It was almost the same period the "extremist" leaders of Calcutta- Aurobindo ghosh, Deshbandu chittaranjan Das Shyamsundar Chakraborty, Mrahmabandha Upadhya, Liakat Hussain and such others- under the leadership of Bipinchandra pal, would regularly meet in his house at 73 Sukea Street hotly discussing the course of movement for achieving "Swaraj" and it was in his course of movement for achieving "Swaraj" and it was in his house that the "Swaraj samity" was first formed This "Swaraj Samity" was the precursor of the well-known "Swarajya Party" of Deshbandhu das.
During Non-Cooperation movement initiative by Mahatma Gandhi we also find him whole-heartedly throwing himself for making the students strike successfully particularly the strike of the Medical Students in Calcutta. His activities in relation to making the Medical Students strike a success, will be discussed later on.

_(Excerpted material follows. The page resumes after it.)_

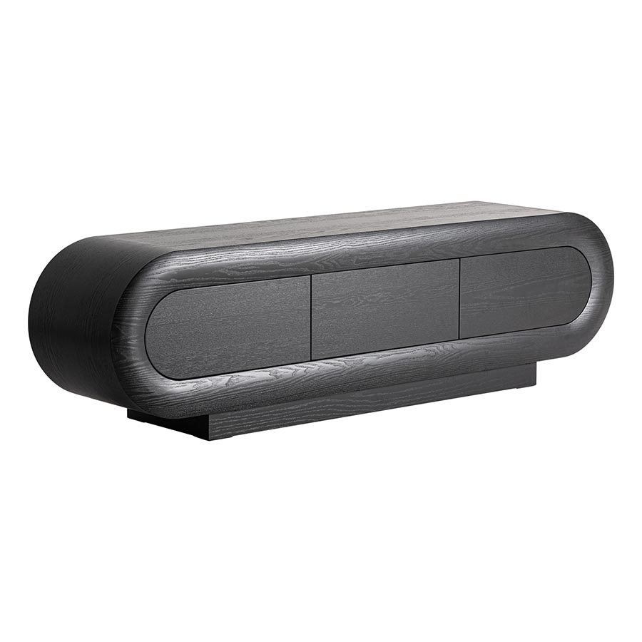 Mueble tv Chamonix de estilo art deco fabricado en madera roble en color negro en color negro.

Role in "Swaraj" Corporation
In 1924 when Deshbandhu chittaranjan Das became the first elected mayor of newly formed Calcutta Corporation on being requested by him, Sundarimohan became the Chairman of public health Committee of the corporation. His contributions in Public Health measures may be summarised as follows:-
a) Liberal financial and other aids to non-governmental medical institutions and hospitals. Such ids were formerly almost limited to government hospitals and institutions.
b) Formation of public health associations in every ward with the citizens' representatives, for the first time.
c) Opening of medical centres in different parts the city.
d) Provision for junior nurses training with purposes of widening the scope of nurse training for the poorer sections.
e) Appointment of trained "dhais" for attending the maternity cases, going from house to house and setting up of Maternity Homes in different parts of the city.
f) First inception of co-operatives supply of pure milk at cheaper rates children and hospital patients.

Main sphere of activities
His main sphere of activities gradually veered round in organisation independent medical institutions and hospitals, free from government control, for the service of the common people, though he remained connected with other social and political activities all through his life.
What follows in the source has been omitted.